Blandat Flashcards
(20 cards)
What is a body force
make an example of a body force
All external forces acting without physical contact on all particles of the system (and proportioal to their mass)
Gravitational and magnetic forces
What is a Surface force
make an example of a Surface force
all forces acting on a portion of the continuum system through its boundary surface
Pressure and viscous forces
Name three kinds of non-newtonian fluids.
How do they behave?
Dilatant (shear thickening): Higher rate of deformation at low shear stresses, then linear
Pseudoplastic: (shear thinning): Lower rate of deformation at low shear stresses, then linear.
Bingham plastic: behaves as a solid until a
high enough shear stress is achieved and then linear
What is the No Slip Condition
The no-slip condition shapes the velocity profile: the layer that sticks to the surface slows the velocity of the next adjacent fluid layer (because of viscous forces between the fluid layers)
The fluid has no velocity at the stationary surface
What is always true about the pressure at a point in a fluid at rest?
The pressure is isotropic:
The pressure at any point in a static fluid acts with the same magnitude in all directions
What is Stevin’s law
The pressure at any point within a fluid at rest is only proportional to the depth of that point
∂P/∂x=0, ∂P/∂y = 0, ∂P/∂z = -ρg = -γ
How does a manometer work?
A manometer uses a fluid column to measure the pressure differene
∆z = ∆P/ρg
∆P = ρgh
You can figure out the pressure by measuring the difference in elevation of the fluid.
In what conditions can the continuity equation be simplified?
Incompressible fluid: ρ is independent of time or spece > you can take it out of the integral > the densities cancel eachother
∫vdA = Q
Incompressible fluid + nondeformable CV:
∫vdA = Q = 0
Steady flow: ∂/∂t = 0 > the right side = 0 (Mass flow rate into CV = Mass flow rate out of CV)
∫ρvdA = 0
Uniform velocities at the cross section: replace the integral with a sum.
∫vdA = ΣvA = 0
When is the continuity equation used
When you are given most velocities and areas and need to calculate the last velocity or area.
Useally there are no forces in the problem
What defines steady flow?
The Mass flow rate into a fixed control volyme is equal to the Mass flow rate out of the control volume
∂/∂t = 0
What defines incompressible flow
The Volume flow rate into a fixed control volyme is equal to the Volume flow rate out of the control volume
What defines frictionless flow
When there are no viscous forces acting on the fluid
μ = 0
What are the terms of the bernoulli equation called?
Elevation head: z (gravitational potential energy)
Pressure head: P/γ (Flow work)
Velocity head: v^2/2g (Kinetic energy)
Piezometric head: z + P/γ (The sum of the first 2 terms above)
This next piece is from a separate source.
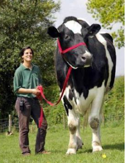lembu paling terbesar di dunia badanya penuh berisi daging dan sangat gemuk beratnya lebih dari 1 ton yang dirawat dan diberi makan secara teratur sapi paling jumbo tersebut memiliki ketinggiaan lebih tinggi dari manusia apalagi orang asia,hehehe tinggi 6 kaki.

Total head: H (The sum of the first 3 terms above)
What does the components of the momentum equation represent?
FB = body forces
FS= surface forces
∂/∂t ∫ρvdV = rate of change of linear mumentum in the control volume (CV)
∫vρv*dA = rate at which linear mumentum is exiting the control surface (CS)
In what conditions can the Momentum equation be simplified?
Uniform flow:
∫vρvdA -> ΣρvAv
Steady flow:
∂/∂t ∫ρvdV = 0
When is the Momentum equation used
When you have forces, velocities and areas. Usually you have to calculate a Reaction force
How do you assess the flow regime?
You calculate the reynolds number (Re)
Laminar Re ≤ 2000
Transitional 2000 ≤ Re ≤ 4000
Turbulent Re ≥ 4000
What is relative roughness?
Roughness over the charecteristic length of the geometry
ε/D
What is pressure drop?
∆P/γ = ∆H
Happens in a horizontal pipe with steady velocity. The only thing that can change is the pressure head wich would drop in real fluids. (bernoullis equation)
What is the local losses proportional to?
the velocity squared
n V^2/2g